Supplied records =
· · · · ·

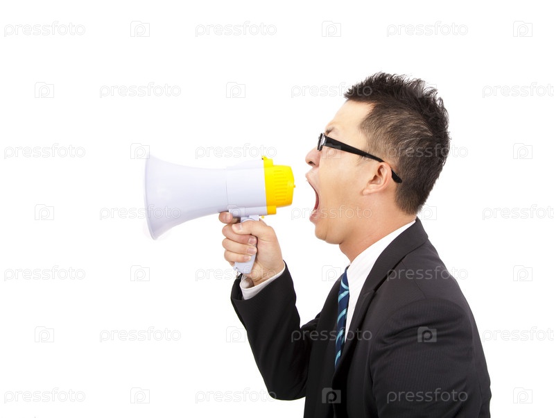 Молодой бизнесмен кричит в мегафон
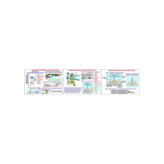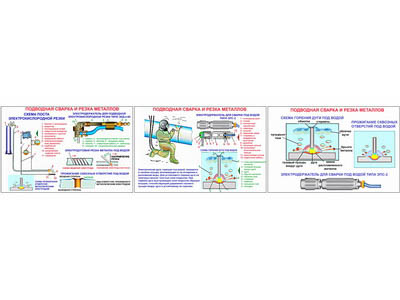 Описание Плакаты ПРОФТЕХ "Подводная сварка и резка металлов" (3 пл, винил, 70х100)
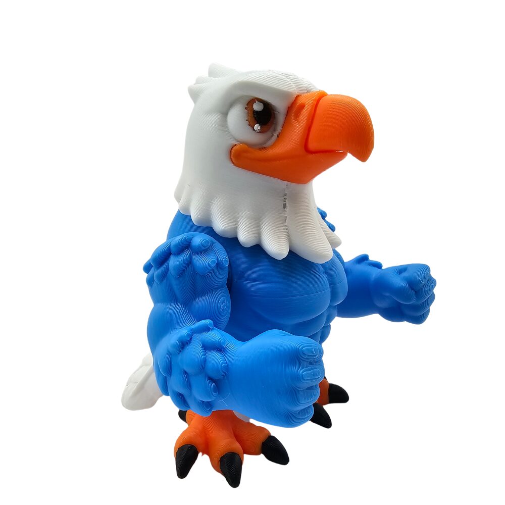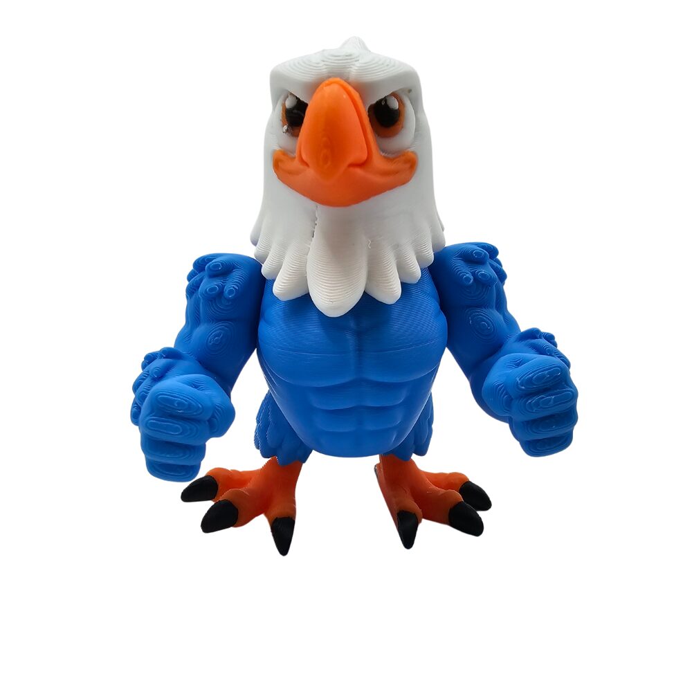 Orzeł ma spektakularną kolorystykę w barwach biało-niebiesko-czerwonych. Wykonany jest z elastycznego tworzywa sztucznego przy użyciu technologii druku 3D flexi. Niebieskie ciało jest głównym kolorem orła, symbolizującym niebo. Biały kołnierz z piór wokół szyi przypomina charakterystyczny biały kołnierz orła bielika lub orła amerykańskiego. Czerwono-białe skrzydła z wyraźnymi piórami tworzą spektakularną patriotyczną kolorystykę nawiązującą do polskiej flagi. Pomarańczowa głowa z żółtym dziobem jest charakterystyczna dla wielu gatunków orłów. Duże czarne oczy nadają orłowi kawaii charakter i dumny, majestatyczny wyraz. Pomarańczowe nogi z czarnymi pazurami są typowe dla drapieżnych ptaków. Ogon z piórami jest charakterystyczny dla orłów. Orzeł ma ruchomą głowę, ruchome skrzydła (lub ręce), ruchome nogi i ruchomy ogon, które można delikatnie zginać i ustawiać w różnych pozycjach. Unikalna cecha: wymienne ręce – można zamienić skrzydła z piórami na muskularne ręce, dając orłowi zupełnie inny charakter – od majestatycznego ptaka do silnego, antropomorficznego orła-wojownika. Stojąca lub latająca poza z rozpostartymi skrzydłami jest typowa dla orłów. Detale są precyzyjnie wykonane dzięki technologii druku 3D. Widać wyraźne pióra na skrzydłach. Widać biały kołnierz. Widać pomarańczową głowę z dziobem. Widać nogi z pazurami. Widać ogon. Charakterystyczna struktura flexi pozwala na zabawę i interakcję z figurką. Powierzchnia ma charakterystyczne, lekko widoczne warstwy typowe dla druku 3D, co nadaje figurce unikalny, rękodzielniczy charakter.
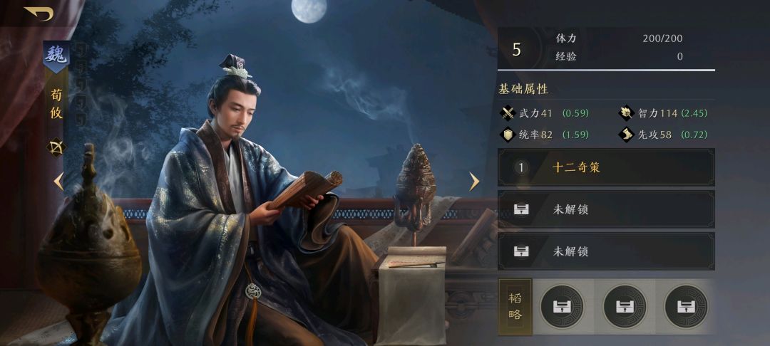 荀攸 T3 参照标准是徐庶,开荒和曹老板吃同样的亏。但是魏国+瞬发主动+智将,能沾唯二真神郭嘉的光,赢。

· · · · ·

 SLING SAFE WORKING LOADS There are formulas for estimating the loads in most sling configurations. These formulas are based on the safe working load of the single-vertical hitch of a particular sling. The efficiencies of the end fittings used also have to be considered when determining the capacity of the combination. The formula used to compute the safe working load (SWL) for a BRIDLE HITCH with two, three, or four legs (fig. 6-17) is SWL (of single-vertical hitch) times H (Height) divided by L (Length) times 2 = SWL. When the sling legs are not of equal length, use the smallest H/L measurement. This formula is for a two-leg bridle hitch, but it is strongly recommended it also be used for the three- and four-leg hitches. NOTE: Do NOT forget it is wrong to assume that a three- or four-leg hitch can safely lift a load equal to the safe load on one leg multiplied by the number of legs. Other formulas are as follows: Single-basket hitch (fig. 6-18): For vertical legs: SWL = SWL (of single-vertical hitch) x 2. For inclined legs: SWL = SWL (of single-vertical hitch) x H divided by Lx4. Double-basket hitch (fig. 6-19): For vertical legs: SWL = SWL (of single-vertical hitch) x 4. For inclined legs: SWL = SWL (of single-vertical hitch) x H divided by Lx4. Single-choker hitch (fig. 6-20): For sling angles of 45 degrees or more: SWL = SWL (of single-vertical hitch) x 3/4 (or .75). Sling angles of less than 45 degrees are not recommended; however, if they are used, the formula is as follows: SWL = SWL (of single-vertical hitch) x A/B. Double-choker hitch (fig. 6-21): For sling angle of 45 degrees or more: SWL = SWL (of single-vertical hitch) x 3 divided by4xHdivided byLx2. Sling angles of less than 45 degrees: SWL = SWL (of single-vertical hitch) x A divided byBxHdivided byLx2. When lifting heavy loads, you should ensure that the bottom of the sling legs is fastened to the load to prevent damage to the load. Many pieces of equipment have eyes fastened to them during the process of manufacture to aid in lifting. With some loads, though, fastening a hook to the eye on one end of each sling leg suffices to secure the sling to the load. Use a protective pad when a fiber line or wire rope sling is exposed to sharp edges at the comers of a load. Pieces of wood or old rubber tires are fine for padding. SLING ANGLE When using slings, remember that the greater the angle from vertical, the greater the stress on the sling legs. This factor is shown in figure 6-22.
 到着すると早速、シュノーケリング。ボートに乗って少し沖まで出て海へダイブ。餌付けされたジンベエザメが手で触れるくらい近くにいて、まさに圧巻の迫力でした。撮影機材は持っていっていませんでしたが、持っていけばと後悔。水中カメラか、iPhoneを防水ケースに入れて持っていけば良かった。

· · · · ·

Using the entries above, write out exactly the lines from the one with "Молодой бизнесмен кричит в мегафон" through the one with "Описание Плакаты ПРОФТЕХ", ends included. Leave out any pictures.

Result of the task =
 Молодой бизнесмен кричит в мегафон
 Описание Плакаты ПРОФТЕХ "Подводная сварка и резка металлов" (3 пл, винил, 70х100)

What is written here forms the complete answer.